Hyponatremia commonly occurs by administering hypotonic fluids to GE and hospitalized
children. Yet, there is no consensus on the ideal method of treatment.
Objectives: we aimed to assess suitable intravenous (IV) fluid for preventing dysnatremia in
children with GE.
Patients and Methods: This is a double blind randomized clinical trial, which was conducted
on infants of 6 months up to 14 years children with GE. Children were randomly assigned
in 2 different groups. Group A; received 20 cc/kg 0.9% isotonic saline as a bolus, and 0.45%
hypotonic saline as sum of maintenance fluid and volume deficit. Group B was treated with
the same bolus and 0.9% isotonic saline with 20 mEq/L KCl as sum of maintenance fluid
and volume deficit. Blood and urine samples were taken at admission, 4 and 24 hours. Data
were analyzed by independent t test, Mann-Whitney U test, Friedmann test, chi-square and
2-tailed repeated measurements by SPSS version 19.

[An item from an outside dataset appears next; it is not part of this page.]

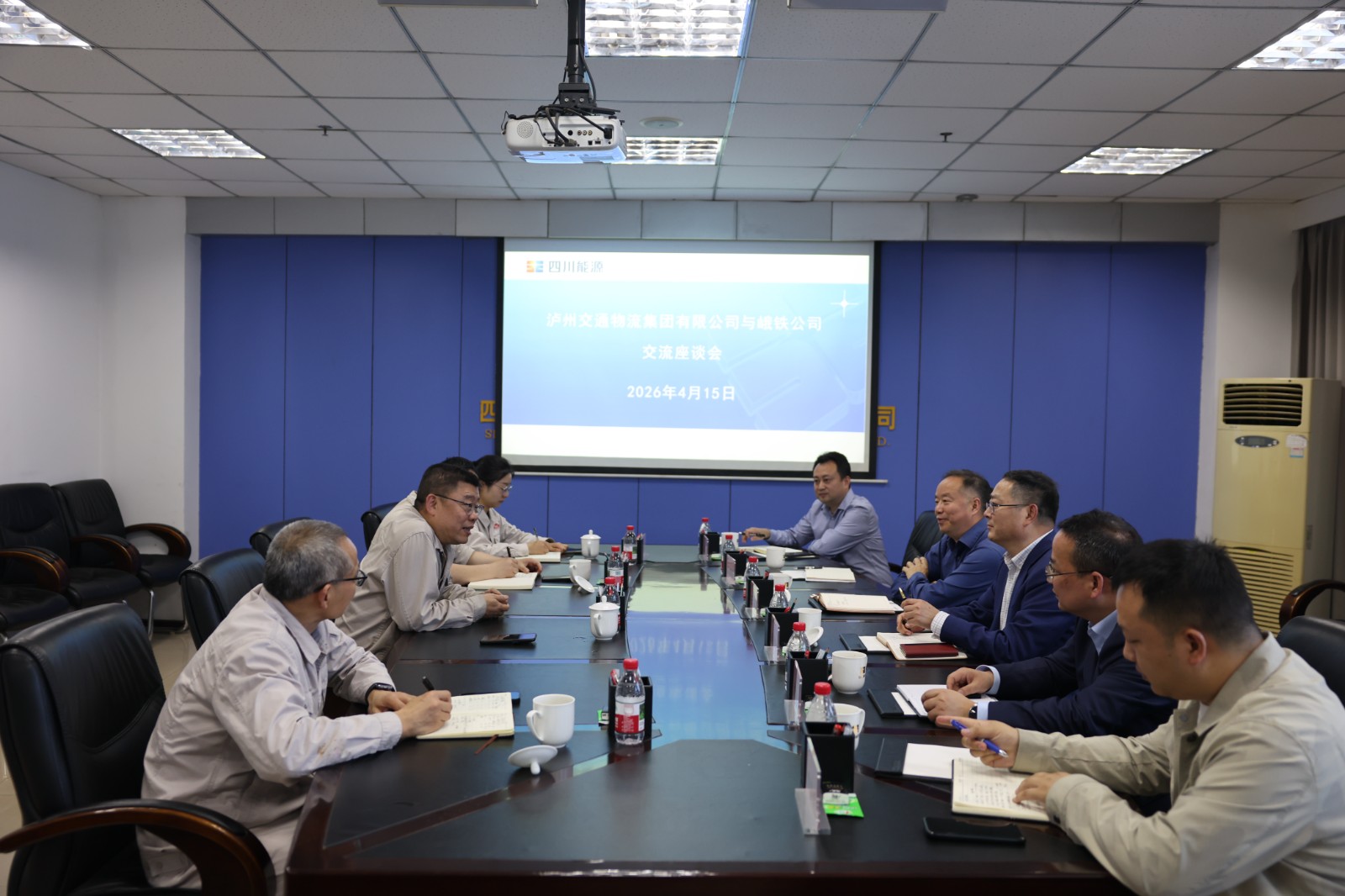 4月15日,泸州交通物流集团有限公司王洪禹董事长一行到访峨铁公司,开展商务考察与合作洽谈。峨铁公司党委书记、董事长陈新龙出席座谈会。

Results: Baseline hyponatremia and isonatremia were detected in 24 (31.5%) and 51 (67.1%)
patients, respectively. Mean level of sodium at T0, T4 and T 24 mentioned no significant
difference between groups. No hypernatremia was noted by administering isotonic saline.

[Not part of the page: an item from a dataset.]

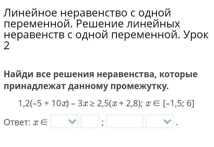Урок 2 Найди все решения неравенства, которые принадлежат данному промежутку. 1,2(–5 + 10x) – 3x ≥ 2,5(x + 2,8); x ∈ [–1,5; 6] Ответ: x ∈ ; .

Results showed that 4 and 24 hours after administration isotonic saline, the mean plasma
sodium differed significantly in baseline hyponatremic patients. However, no significant
difference was noted after 4 and 24 hours in group A.
Conclusion: According to the considerable effect of isotonic saline on hyponatremic patients,
it seems that administering isotonic fluids regardless of the types of dysnatremia can be
recommended to lessen clinicians’ conflicting decision-making in selecting an appropriate
fluid.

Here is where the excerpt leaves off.